Concernant la taille du restaurant, si celui-ci ne comporte actuellement que 20 places, force est de constater, comme l'a soulevé la recourante, que son fonctionnement ne correspond pas à un établissement traditionnel, dans le sens où il est ouvert de façon continue entre 11h30 et 22 heures et emploie quatre personnes à temps plein en cuisine. La recourante relève que l'établissement sert ainsi bien plus de 2 x 20 mets par jours. Cette affirmation est confirmée par les données figurant au dossier relatives au chiffre d'affaires. Celui-ci s'est élevé à 657'402.20 fr. pour l'année 2011. La recourante soutient qu’un tel montant équivaut à celui d'un restaurant de 85 places. Sur la base des statistiques établies par GastroSuisse, on peut à tout le moins affirmer avec certitude que ce chiffre d'affaires est supérieur à celui d'un établissement comportant 40 places. Ces chiffres confirment ainsi que l'établissement de la recourante compense largement les limitations liées à son faible nombre de places assises par son activité continue entre 11h30 et 22 heures, par le service à l'emporter et par son activité accessoire de traiteur.

Au vu de ce qui précède, on doit retenir que l'établissement de la recourante remplit les conditions posées pour l'engagement de personnes possédant des connaissance particulières dans le domaine de la restauration. Le caractère spécialisé de la cuisine qui y est servie de même que l'importance du chiffre d'affaires réalisé permettent de s'écarter de l'exigence de 40 places assises posée dans les directives de l'ODM. Une exception au sens de l'art. 23 al. 3 let. c LEtr doit dès lors être admise.

4.                                Les considérants qui précèdent conduisent à l'admission du recours, à l'annulation de la décision attaquée et au renvoi du dossier au SDE pour qu’il délivre une décision préalable permettant à A. Y.________ d'exercer une activité lucrative en qualité de cuisinière au service de la recourante.

Vu l’issue du pourvoi, les frais seront laissés à la charge de l'Etat.
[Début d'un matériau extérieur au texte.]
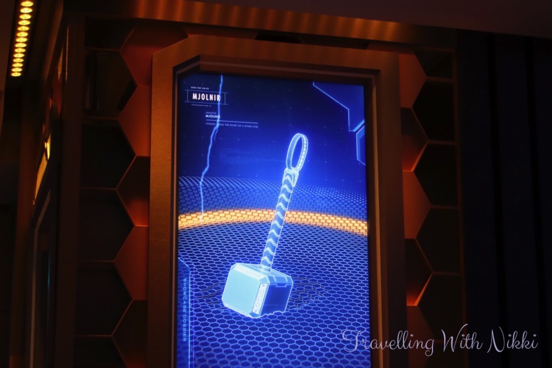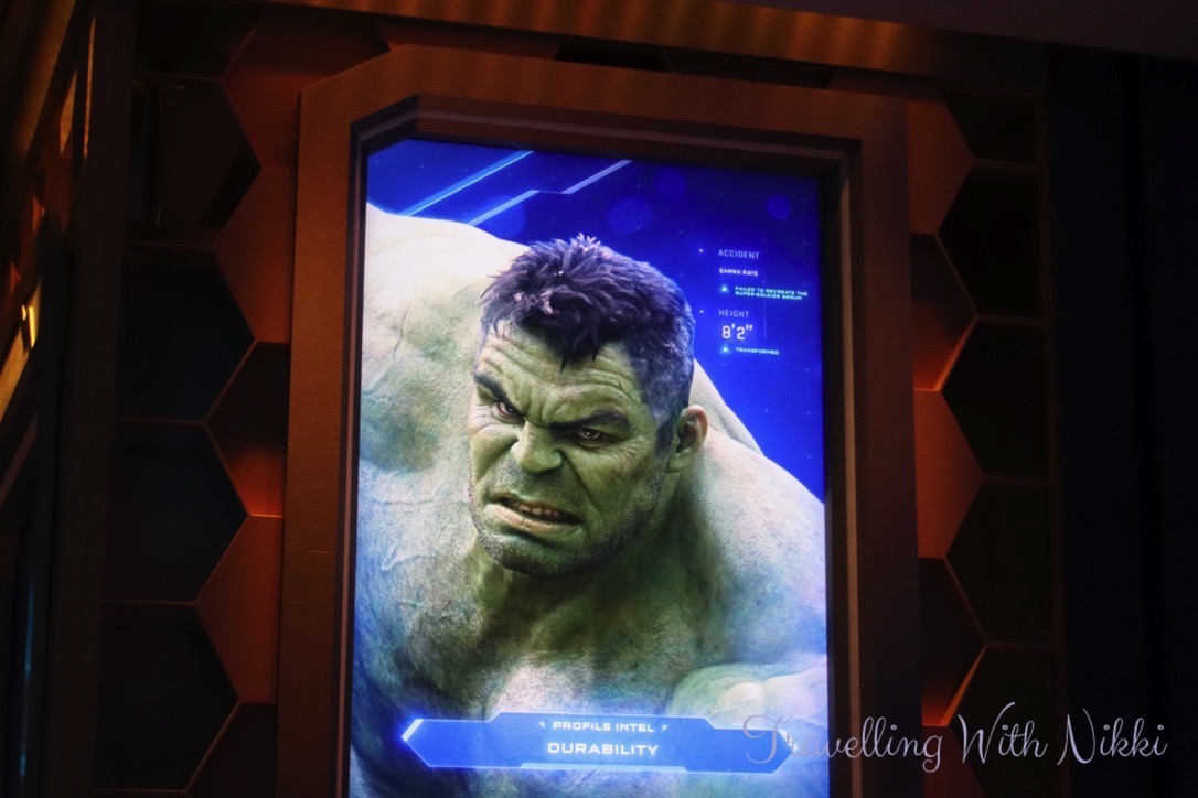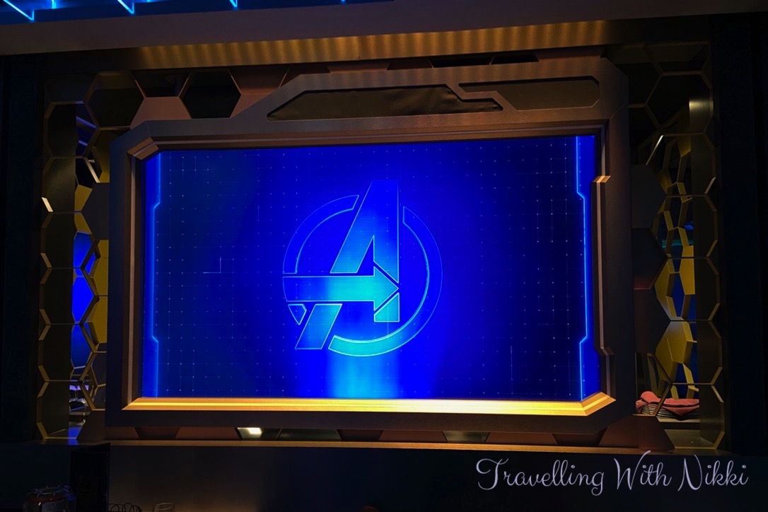 As we were eating our meals and whilst Ant Man was trying to fix the Quantum Core Regulator whilst also accidentally shrinking the Disney Wish in the process, all of the screens around the restaurant show clips from the Marvel Cinematic Universe movies, different character profiles as well as a showcase of various Avengers technology.
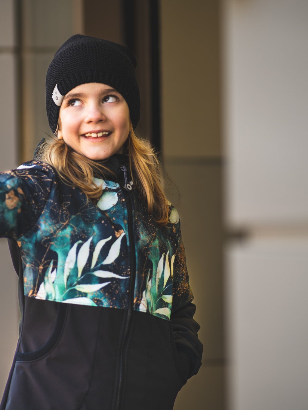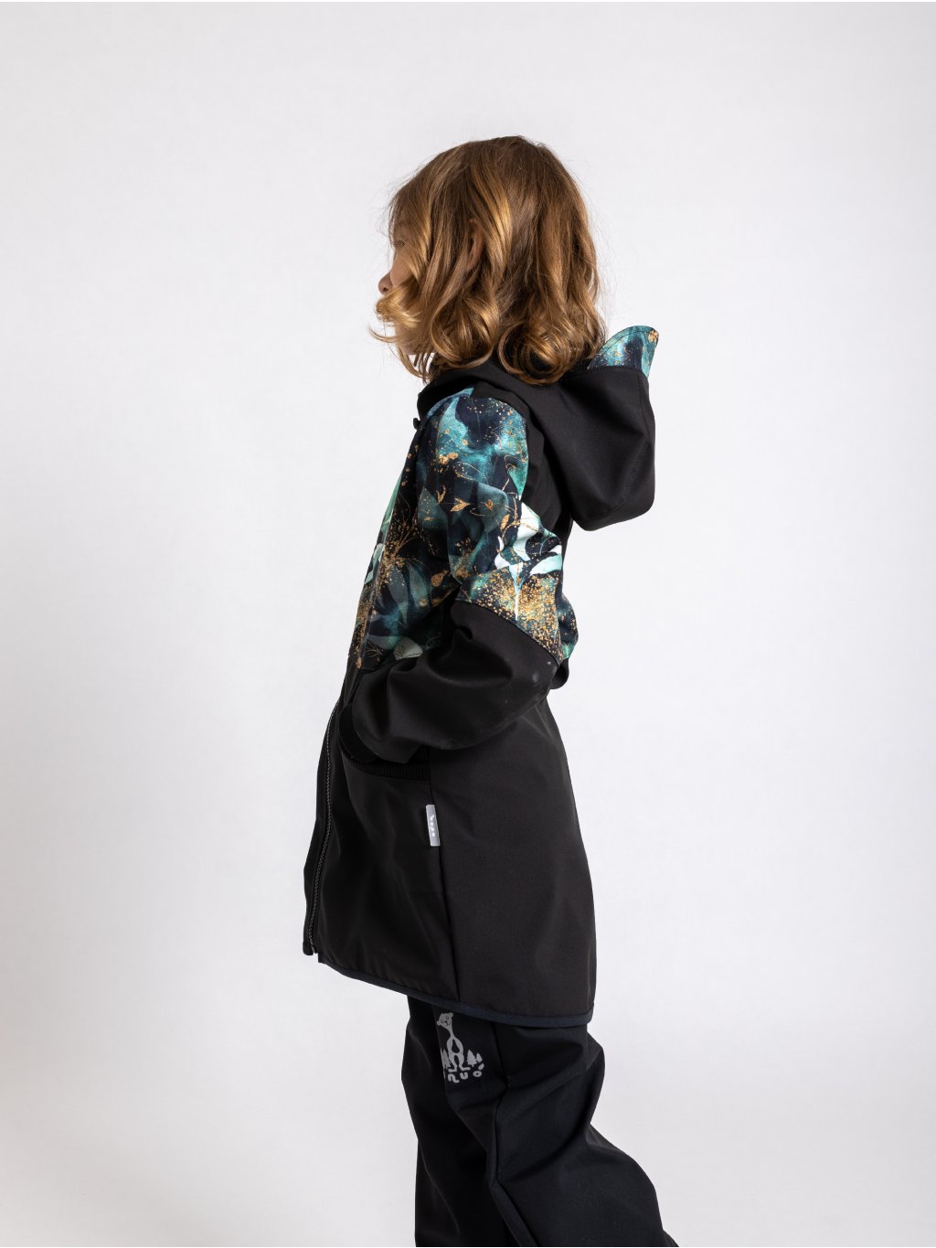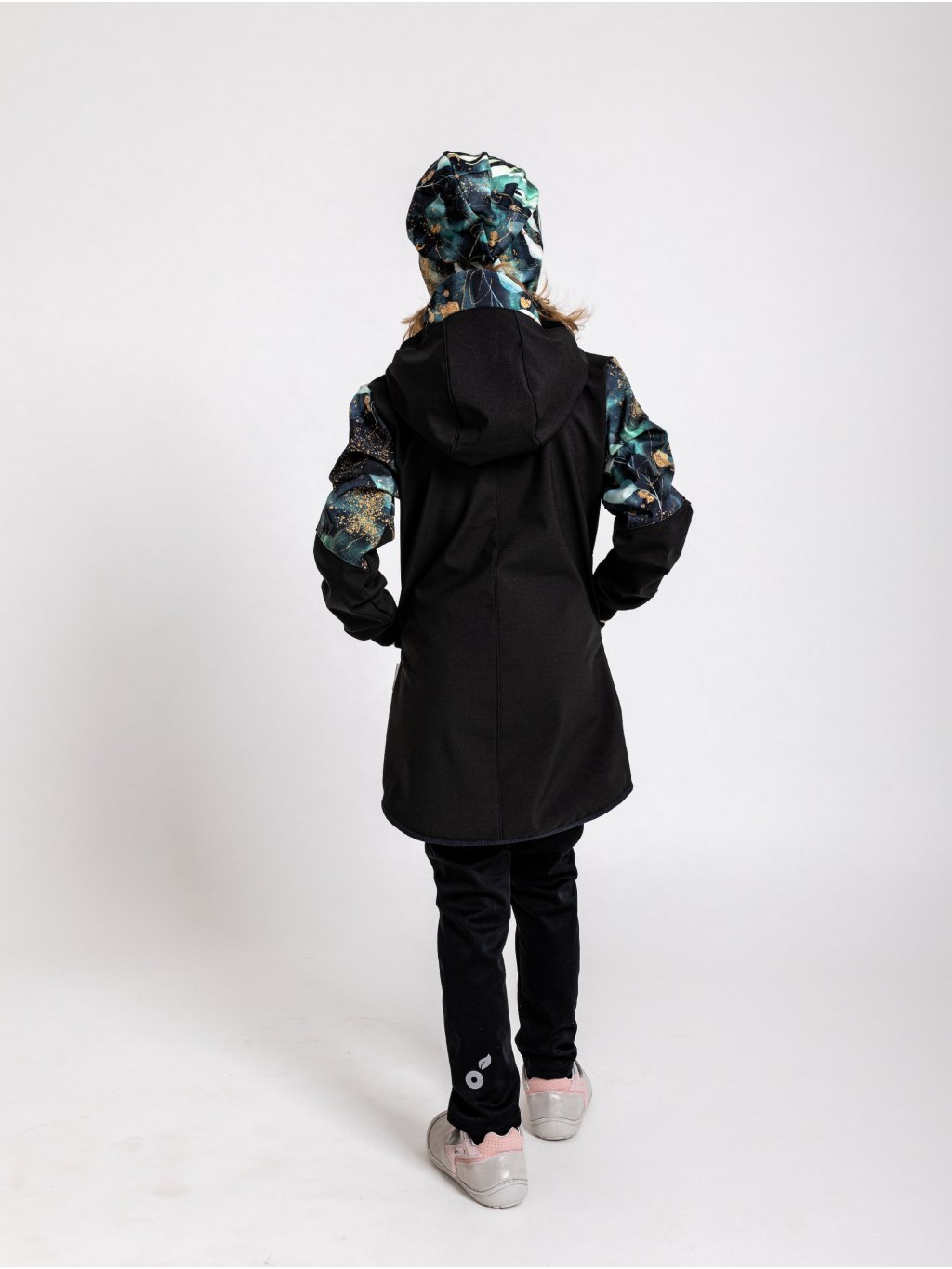 Płaszcz softshell dziewczęcy z polarem Street, Czarny, Liście i gałązki

La recourante, qui obtient gain de cause en ayant procédé assistée d'un mandataire professionnel, se verra allouer des dépens (art. 49, 55, 91 et 99 LPA-VD).


 

Par ces motifs
la Cour de droit administratif et public

du Tribunal cantonal
arrête:

I.                                   Le recours est admis.

II.                                 La décision du Service de l'emploi du 2 avril 2012 est annulée et le dossier retourné à cette autorité pour nouvelle décision dans le sens des considérants.

III.                                Les frais du présent arrêt sont laissés à la charge de l'Etat.

IV.                              Le Service de l'emploi versera la somme de 1'500 (mille cinq cents) francs à la société X.________ SA, à titre de dépens.

Lausanne, le 13 décembre 2012

 

La présidente:                                                                                           Le greffier:         

                                                                                                                 

 

 

Le présent arrêt est communiqué aux destinataires de l'avis d'envoi ci-joint, ainsi qu’à l’ODM.

Il peut faire l'objet, dans les trente jours suivant sa notification, d'un recours au Tribunal fédéral. Le recours en matière de droit public s'exerce aux conditions des articles 82 ss de la loi du 17 juin 2005 sur le Tribunal fédéral (LTF - RS 173.110), le recours constitutionnel subsidiaire à celles des articles 113 ss LTF. Le mémoire de recours doit être rédigé dans une langue officielle, indiquer les conclusions, les motifs et les moyens de preuve, et être signé. Les motifs doivent exposer succinctement en quoi l’acte attaqué viole le droit. Les pièces invoquées comme moyens de preuve doivent être jointes au mémoire, pour autant qu’elles soient en mains de la partie; il en va de même de la décision attaquée.